==== Given data

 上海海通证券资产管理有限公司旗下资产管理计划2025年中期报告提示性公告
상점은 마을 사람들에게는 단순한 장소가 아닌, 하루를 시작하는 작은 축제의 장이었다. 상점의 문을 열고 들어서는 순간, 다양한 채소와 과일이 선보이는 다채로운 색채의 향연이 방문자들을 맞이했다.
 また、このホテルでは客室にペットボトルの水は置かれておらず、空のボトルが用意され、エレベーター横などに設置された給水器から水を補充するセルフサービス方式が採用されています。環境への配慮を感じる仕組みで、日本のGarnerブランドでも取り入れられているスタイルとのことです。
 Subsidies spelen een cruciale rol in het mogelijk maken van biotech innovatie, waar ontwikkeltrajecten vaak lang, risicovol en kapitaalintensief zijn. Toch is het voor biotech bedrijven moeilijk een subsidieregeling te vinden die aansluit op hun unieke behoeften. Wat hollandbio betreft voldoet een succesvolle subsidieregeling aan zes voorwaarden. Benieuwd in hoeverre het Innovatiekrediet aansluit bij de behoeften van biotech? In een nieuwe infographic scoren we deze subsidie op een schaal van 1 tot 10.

========
==== Given data

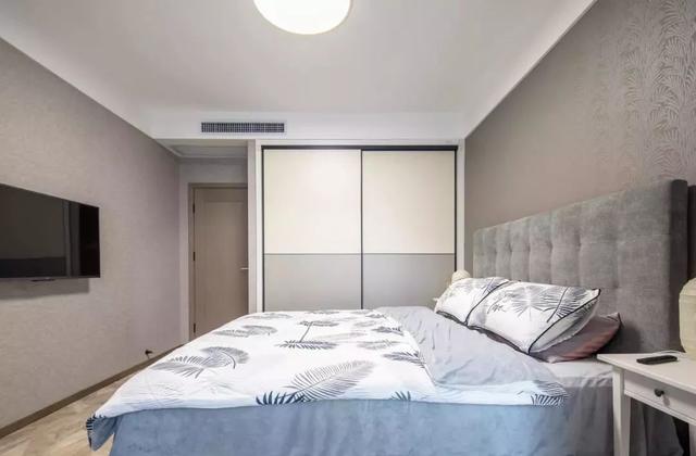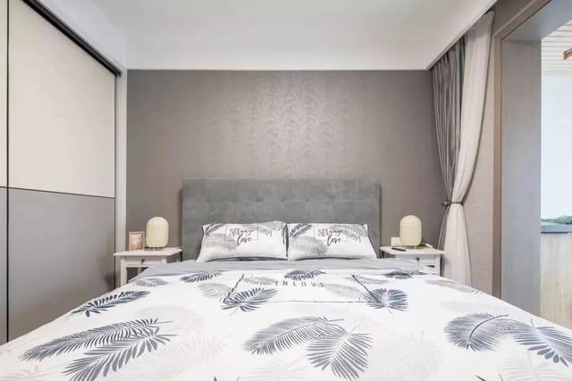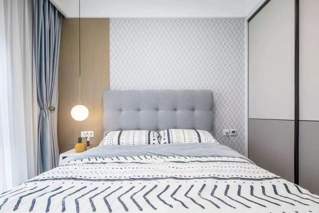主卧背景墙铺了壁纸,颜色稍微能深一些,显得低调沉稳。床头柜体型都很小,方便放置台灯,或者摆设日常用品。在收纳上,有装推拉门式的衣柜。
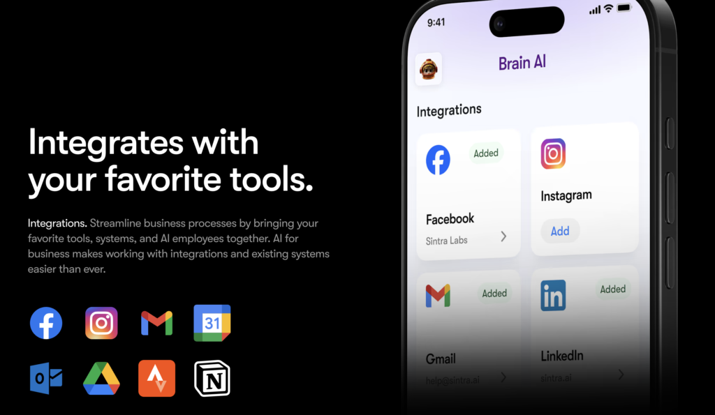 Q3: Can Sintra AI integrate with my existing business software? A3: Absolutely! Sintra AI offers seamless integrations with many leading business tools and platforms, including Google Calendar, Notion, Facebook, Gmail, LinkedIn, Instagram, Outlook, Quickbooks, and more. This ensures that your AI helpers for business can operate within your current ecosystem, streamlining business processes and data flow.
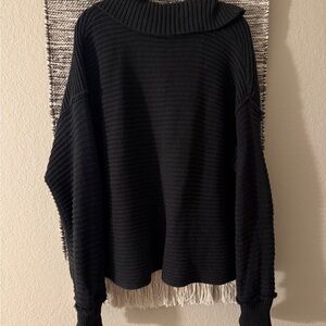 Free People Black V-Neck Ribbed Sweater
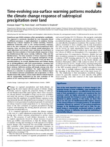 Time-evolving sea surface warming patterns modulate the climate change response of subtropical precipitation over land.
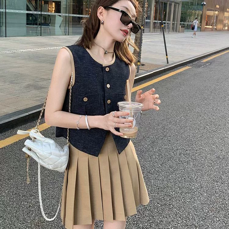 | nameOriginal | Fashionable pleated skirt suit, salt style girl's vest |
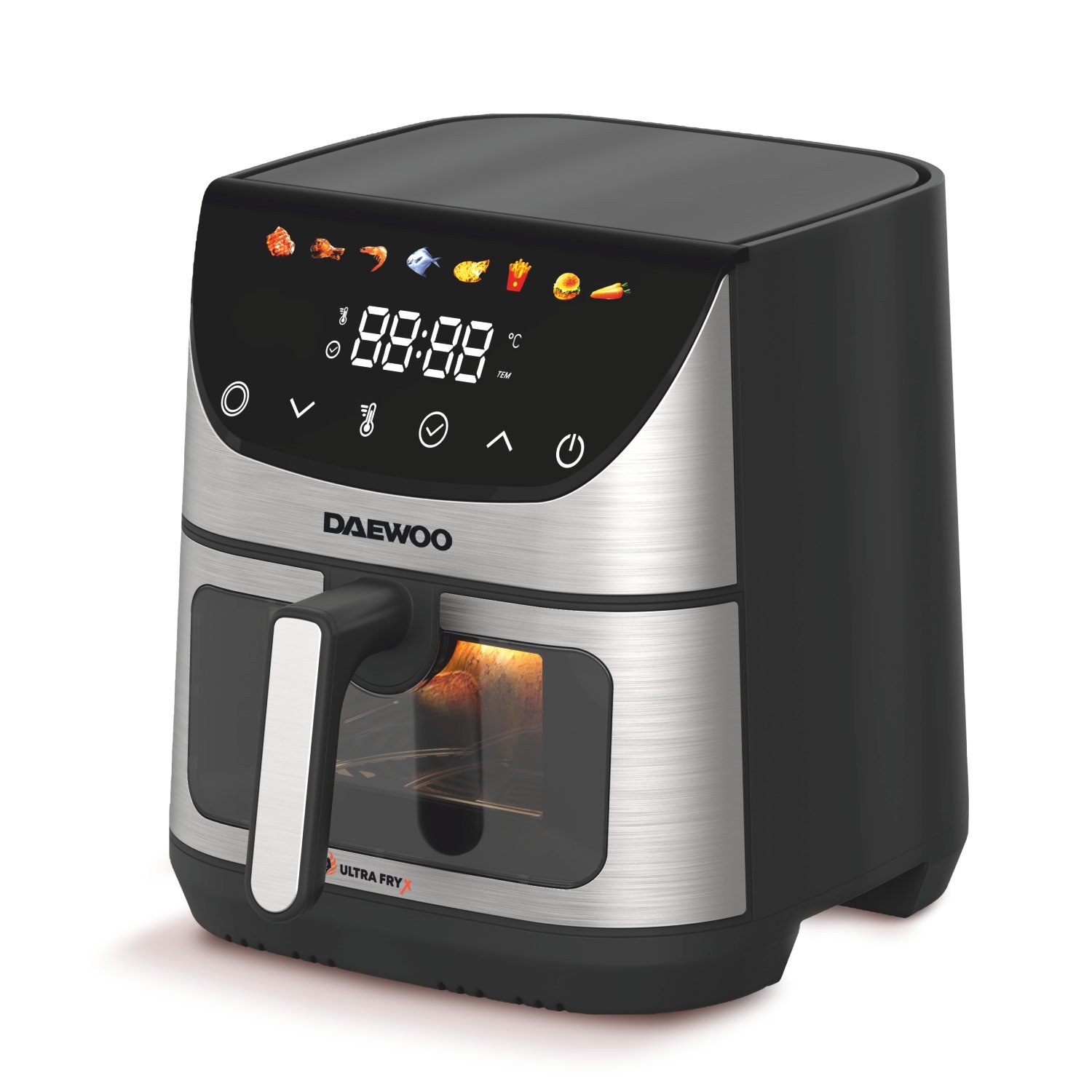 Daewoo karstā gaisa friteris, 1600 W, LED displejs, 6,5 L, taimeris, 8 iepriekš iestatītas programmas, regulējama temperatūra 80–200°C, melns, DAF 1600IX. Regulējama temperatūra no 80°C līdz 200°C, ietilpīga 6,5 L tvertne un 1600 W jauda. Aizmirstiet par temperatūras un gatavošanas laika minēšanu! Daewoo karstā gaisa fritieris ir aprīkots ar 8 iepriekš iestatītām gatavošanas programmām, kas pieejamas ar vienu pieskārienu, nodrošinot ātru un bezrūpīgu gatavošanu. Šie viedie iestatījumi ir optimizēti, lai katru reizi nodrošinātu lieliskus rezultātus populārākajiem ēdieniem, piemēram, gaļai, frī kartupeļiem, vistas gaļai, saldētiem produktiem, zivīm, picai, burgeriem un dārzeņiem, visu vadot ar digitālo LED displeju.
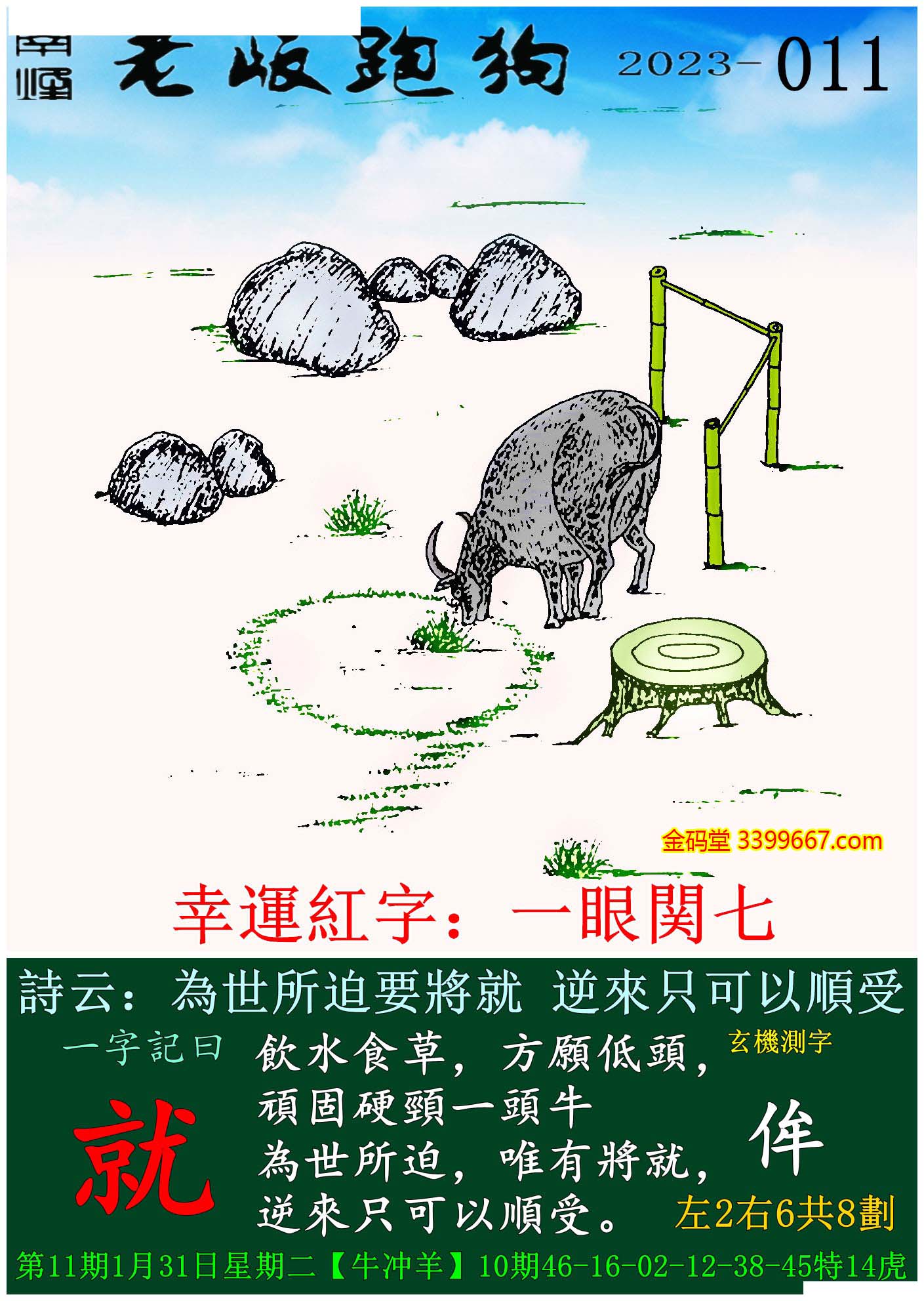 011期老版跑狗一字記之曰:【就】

========

## Assigned task
In the listing above, find the line with "Time-evolving sea surface" and the line with "girl's vest |". Copy exactly those two and every line between, without the pictures.

## Solution to the exercise
 Time-evolving sea surface warming patterns modulate the climate change response of subtropical precipitation over land.
 | nameOriginal | Fashionable pleated skirt suit, salt style girl's vest |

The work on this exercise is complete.